Crítica – Rosa Tirana
A percepção infantil é capaz de transformar a mais dura das realidades em algo mágico, lírico, como forma de sobrevivência. E nada melhor para costurar os opostos entre doçura e amargor do que a estrutura de fábulas, a do conto de fadas, que justamente parte de coisas traumáticas – quantas dessas histórias tem em sua concepção a morte de um ente querido? – para adentrar o mundo fantástico, de fadas e animais falantes. Rosa Tirana adota a perspectiva da sua jovem protagonista, Rosa (Kiarah Rocha), para mostrar a realidade do sertão com base nas fábulas.

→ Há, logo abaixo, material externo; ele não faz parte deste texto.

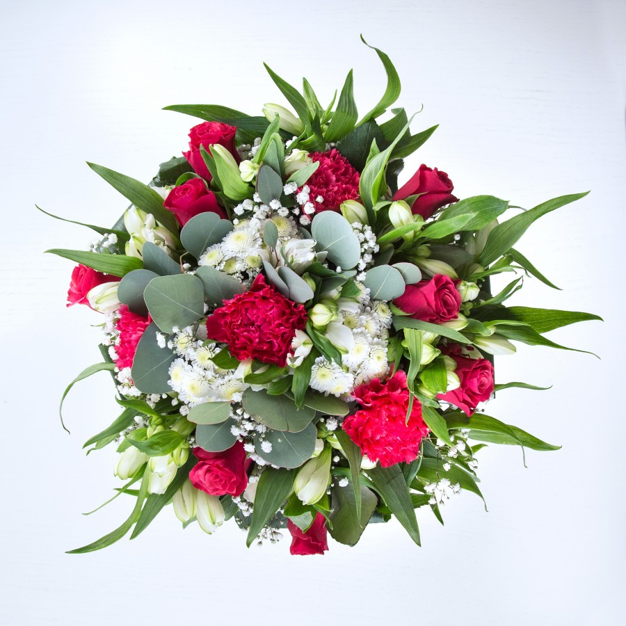 Our elegant red and white ensemble features a harmonious mix of red roses, white chrysanthemums, and gypsophila. Enhanced with carnations, white alstroemeria, and aspidistra leaves, this bouquet offers a unique and sophisticated floral display.

O longa dirigido por Rogério Sagui quer, antes de entrar na magia, evidenciar as agruras do sertão. O filme abre destacando o quanto o local é seco, árido, com um letreiro informando que o sertão passa pela maior seca de sua história. Vemos uma ossada de boi sendo tomada pela areia, e em seguida, uma espécie de releitura do quadro “Os Retirantes” de Portinari, com um grupo de pessoas andando em direção à câmera, mas com uma diferença importante: não há crianças, pelo menos não a vista. Em uma rede amarrada a um tronco carregado por dois homens, é possível ver os traços de um corpo. É um lugar de morte.
Mas há também um pouco de vida, representada tanto por Rosa, a protagonista, quanto por uma rosa literal, que paira no quadro enquanto a menina brinca de balanço. A menina mora em um casebre com sua mãe (Stela de Jesus) e avô (José Dumont), encarando as dificuldades da seca. Decidida a trazer a chuva de volta para a região, Rosa parte sozinha em busca da rainha do Sertão, a Nossa Senhora do Imaculado. Na sua jornada, ela encontrará os diversos aspectos da vida da região, mas de forma fabulesca.
Assim, Rosa Tirana não se guia por uma estrutura lógica para contar sua história. Como bom conto de fadas que é, as sequências não tem exatamente uma conexão certa umas com as outras, que possuem elementos muito inspirados. O encontro com um coronel maligno, quase um lobo mau, é apropriadamente sinistro, com a presença deste marcada pela sua voz rude, mãos grossas e chicote, nunca pelo seu rosto. É evidente o esforço em dar ares folclóricos a problemas persistentes no sertão, como essa própria sequência mostra, assim como outra mais tarde, com os seres de barro, que na verdade são pessoas comuns em processo de migração.
De encontro a encontro, Rosa segue sua jornada, mas a questão é que o longa não consegue articular muito bem suas ideias, e apesar do impacto visual de alguns momentos, como a cena do circo, nada deixa marcas duradouras, já que elas são muito breves e a protagonista interage pouco com aqueles acontecimentos além de transitar entre um e outro em silêncio, uma mera observadora daquela que deveria ser a sua jornada.
Há momentos em que Rosa Tirana parece querer ser mais videoclipe do que filme, e talvez presumir isso não seja tão distante da realidade, já que um dos grandes destaques do longa é uma música inédita na voz de Elba Ramalho, com composição e arranjo musical do próprio diretor, que é realmente muito tocante. A produção é interessante, e aqui e ali há momentos potentes, mas nunca chega a se sustentar de fato.
Esse texto faz parte da nossa cobertura da 24ª Mostra Tiradentes.